● REQUIRED ACTION:
Retype, with no pictures, each line from the one that holds "(2)带回的大理石样品体积较" through the last line of the entries below, both included.

Data records:
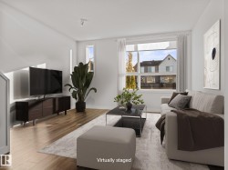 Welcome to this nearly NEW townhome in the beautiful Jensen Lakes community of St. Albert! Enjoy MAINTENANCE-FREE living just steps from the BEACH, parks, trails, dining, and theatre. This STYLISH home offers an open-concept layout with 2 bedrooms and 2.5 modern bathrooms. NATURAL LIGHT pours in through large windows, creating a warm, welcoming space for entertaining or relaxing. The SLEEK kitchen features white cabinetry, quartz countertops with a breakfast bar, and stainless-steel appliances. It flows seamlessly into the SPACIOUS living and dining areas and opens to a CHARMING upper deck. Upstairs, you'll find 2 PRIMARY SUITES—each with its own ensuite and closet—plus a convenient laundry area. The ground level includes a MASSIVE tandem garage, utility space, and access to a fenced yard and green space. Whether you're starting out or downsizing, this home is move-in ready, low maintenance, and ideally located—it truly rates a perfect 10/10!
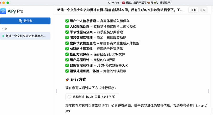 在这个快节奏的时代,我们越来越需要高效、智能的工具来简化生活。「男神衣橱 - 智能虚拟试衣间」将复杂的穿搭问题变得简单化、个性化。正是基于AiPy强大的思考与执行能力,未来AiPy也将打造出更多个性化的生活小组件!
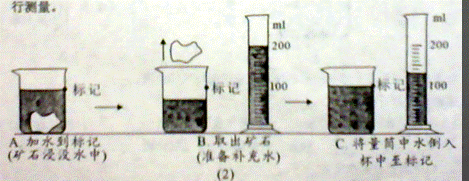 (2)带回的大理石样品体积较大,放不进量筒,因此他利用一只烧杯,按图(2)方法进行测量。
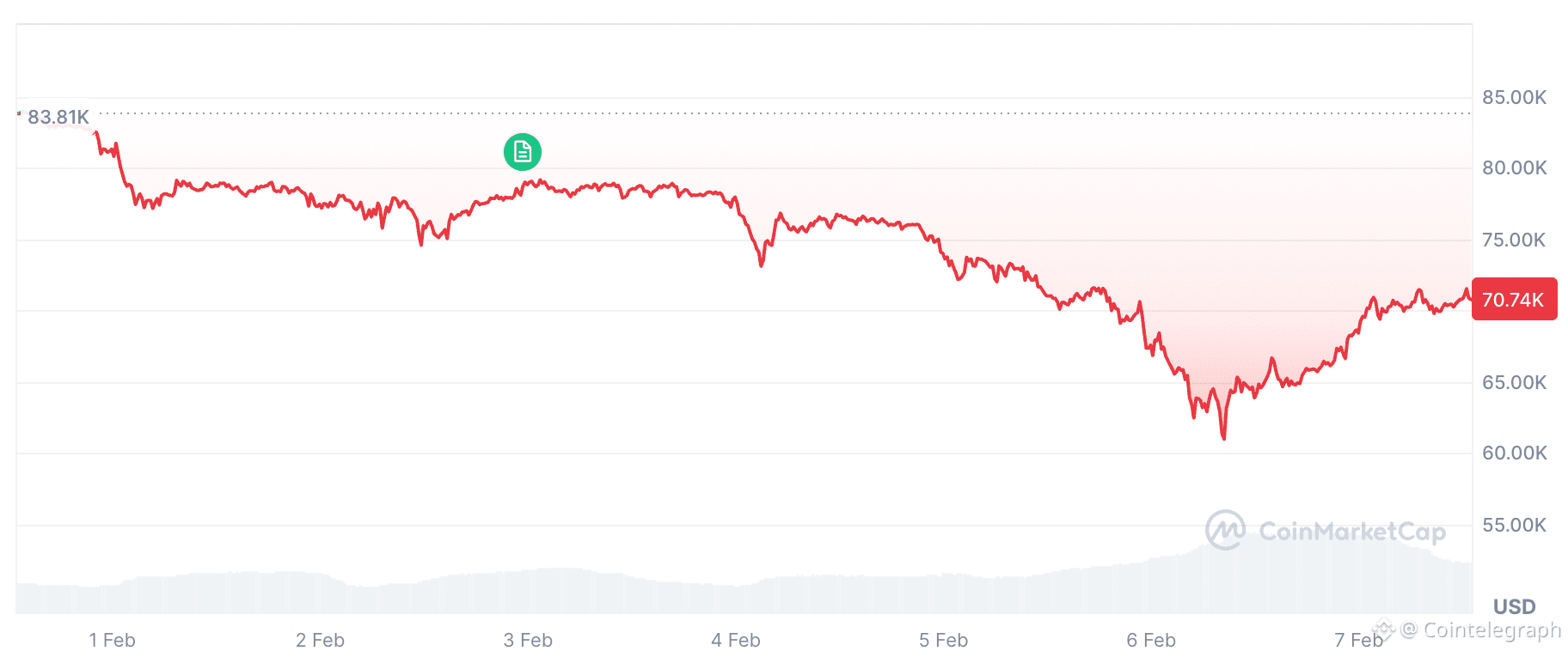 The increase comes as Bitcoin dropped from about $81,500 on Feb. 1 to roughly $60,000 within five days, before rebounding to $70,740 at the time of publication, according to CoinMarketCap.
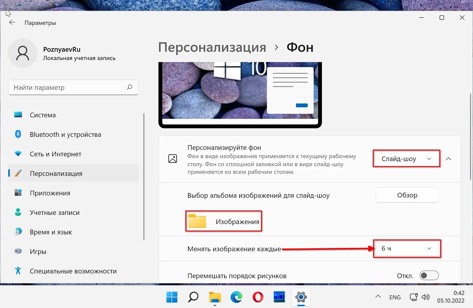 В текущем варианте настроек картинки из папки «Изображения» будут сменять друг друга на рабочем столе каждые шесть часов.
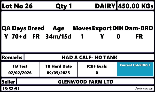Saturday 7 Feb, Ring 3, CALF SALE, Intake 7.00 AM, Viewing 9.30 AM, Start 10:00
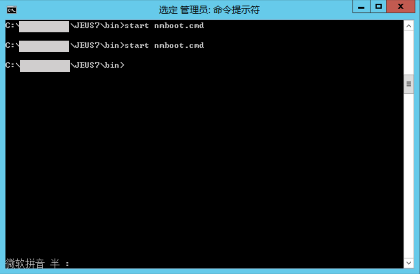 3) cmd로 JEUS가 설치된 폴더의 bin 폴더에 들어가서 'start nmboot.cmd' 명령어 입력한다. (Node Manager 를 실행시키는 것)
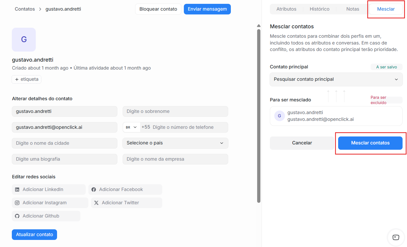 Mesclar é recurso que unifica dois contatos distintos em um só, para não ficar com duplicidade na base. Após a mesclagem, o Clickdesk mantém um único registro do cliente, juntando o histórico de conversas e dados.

● ANSWER SECTION:
 (2)带回的大理石样品体积较大,放不进量筒,因此他利用一只烧杯,按图(2)方法进行测量。
 The increase comes as Bitcoin dropped from about $81,500 on Feb. 1 to roughly $60,000 within five days, before rebounding to $70,740 at the time of publication, according to CoinMarketCap.
 В текущем варианте настроек картинки из папки «Изображения» будут сменять друг друга на рабочем столе каждые шесть часов.
Saturday 7 Feb, Ring 3, CALF SALE, Intake 7.00 AM, Viewing 9.30 AM, Start 10:00
 3) cmd로 JEUS가 설치된 폴더의 bin 폴더에 들어가서 'start nmboot.cmd' 명령어 입력한다. (Node Manager 를 실행시키는 것)
 Mesclar é recurso que unifica dois contatos distintos em um só, para não ficar com duplicidade na base. Após a mesclagem, o Clickdesk mantém um único registro do cliente, juntando o histórico de conversas e dados.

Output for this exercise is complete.